Feral Cat Colony

I’m writing to tell you about my journey of discovery when I moved to the seedy end of Gata de Gorgos, on the Costa Blanca, 18 years ago.

I was really excited to move to such a quaint Spanish town, set amongst rural vineyards and orange groves.

My first acquaintance with a feral cat colony was at the train station.

Feral Cat Colony

I was strolling by and saw three hungry, thin-looking Siamese – a mother and her two kittens.

I went home and came back with some cat biscuits and a bowl of water. From that point on, I visited the colony daily. I knew that one female cat can procreate a feline population of at least 200 cats, so I borrowed a humane cat trap and caught and sterilised the mother. As she was feral and highly nervous, it took many days to catch her.

To start with, I placed the trap against the wall where I always fed the cats, and made sure that she couldn’t eat until she walked in.  The best way to catch a wild cat is to make sure that they are hungry, and put the trap where you always put the food.

I put some smelly fish cat food at the far end of the trap, but she was still very nervous and mistrustful.  After one hour, I pushed the trap into a nearby bush and layered the floor with grass and leaves as a disguise.  Two hours later, and after plenty of inspection, the mother found the courage to enter the trap… SNAP!  I caught her!  It’s so important to prevent overpopulation in feral cat colonies, so I’m grateful that I could help out.

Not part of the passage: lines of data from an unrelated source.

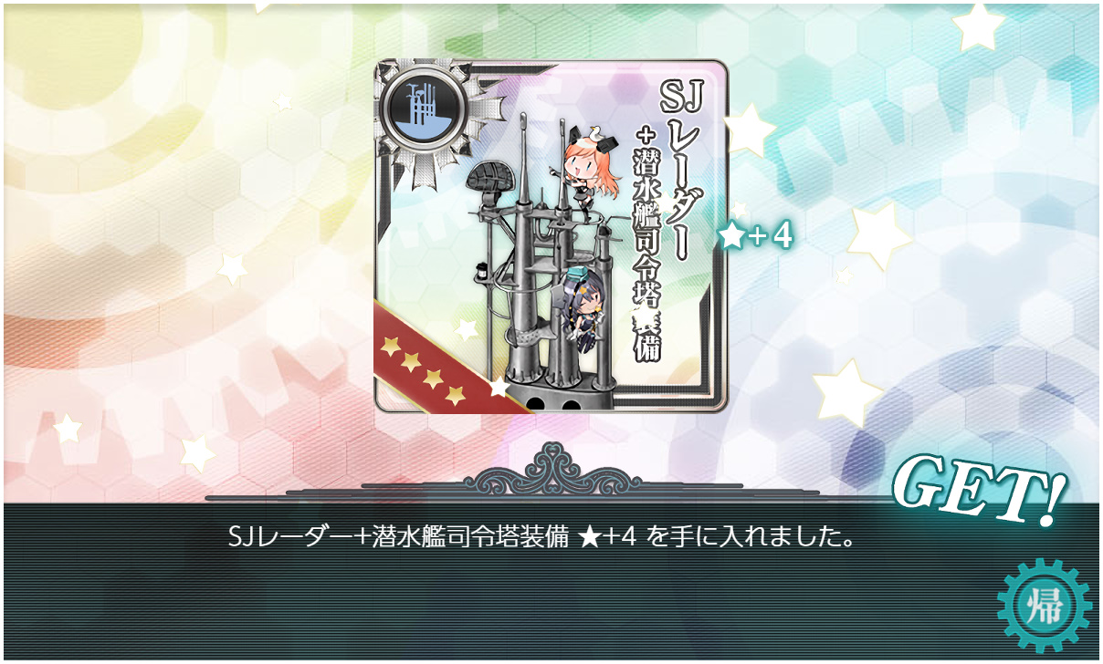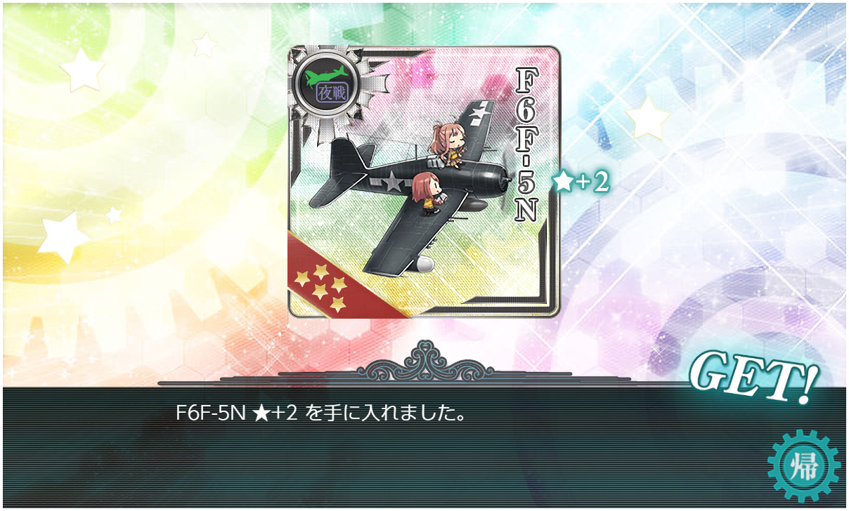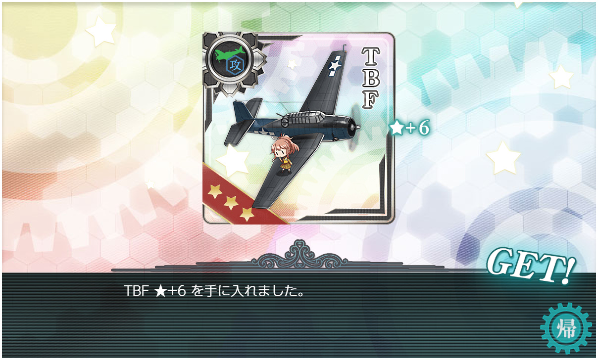 勲章×2、海色リボン、SJレーダー+潜水艦司令塔装備★+4、補強増設×1、TBF★r+6、F6F-5N☆+2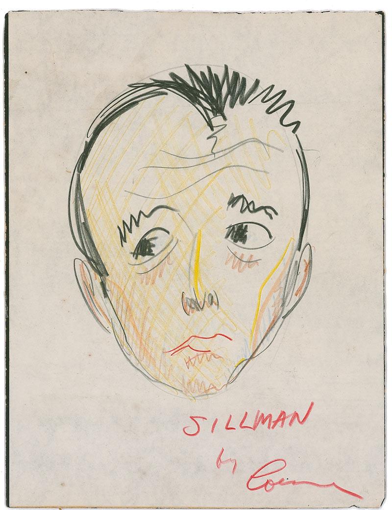 Academy and Tony Award-winning composer(1910-1969). Original signed colored-pencil sketch portrait of Broadway producer Leonard Sillman on an 8 x 10.25 off-white sheet affixed to an identical size heavy stock card, signed at the bottom, “Sillman by Loesser.” In fine condition, with a bit of scattered trivial toning and foxing.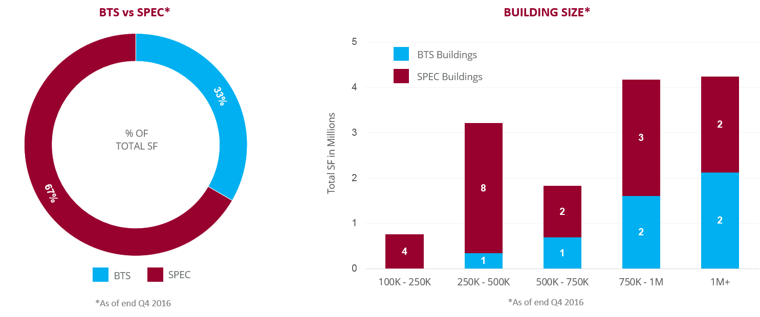 Construction activity was dominated by speculative development in 2016, accounting for 80% of all delivered space in our Core Data Set. In Central Pennsylvania, 100% of the deliveries were speculative construction; in the Lehigh Valley speculative deliveries accounted for 76% of all new inventory. Demand remained strong with only 56% of the delivered speculative space in Central PA available for lease by the end of 2016. That figure was even lower in the Lehigh Valley and Southern New Jersey, where only 28% and 20% of delivered speculative space remained available for lease. Only a few weeks into 2017, another one million square feet of the available speculative space delivered in 2016 has already been leased in the Lehigh Valley and Southern New Jersey.

Siamese is now well into her retirement and spends almost all her time sleeping and sunbathing. It’s so nice to be able to relax and enjoy life after a long career of helping to control the rat population! Shortly after my ‘first catch’ I caught the daughter, and once sterilised she re-joined her mum on my terrace.  They are beautiful cats, and it’s great to have them both safe and sound!

Siamese Mum and her Daughter

I became friendly with Sebastian and Raquela, who live by the station, and they promised to care for the boy Siamese. They’re so sweet, and I know they’ll take great care of him.  If you’re ever in Gata de Gorgos, be sure to stop by the train station and say hello to the Siamese!

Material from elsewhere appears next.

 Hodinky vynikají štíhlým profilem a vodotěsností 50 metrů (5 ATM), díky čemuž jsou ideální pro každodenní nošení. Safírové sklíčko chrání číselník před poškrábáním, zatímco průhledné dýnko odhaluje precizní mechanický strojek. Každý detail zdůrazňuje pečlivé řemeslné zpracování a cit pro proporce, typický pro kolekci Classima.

The two Siamese have remained steadfastly ‘feral’, not allowing me to come too close. This has presented a challenge at fleaing or worming time. I have become adept at creeping up on sleeping cats to squirt them with Frontline or Stronghold flea drops. The drops also act on internal parasites as well as fleas. What fun!

When in her twelfth year, the youngest Siamese began to have difficulty breathing, making laboured rasping sounds.  After two visits to the vets, the condition hadn’t improved and she was clearly in distress.  Sadly, she hadn’t responded to treatment, and we decided it was kinder to end her suffering.

feral cat colony

The poor mother Siamese spent two days searching for her daughter.  She then went on to form a close bond with Benny, and they are now inseparable. Male and female cats often have very special friendships and follow one another from place to place, feeding, playing and grooming as one.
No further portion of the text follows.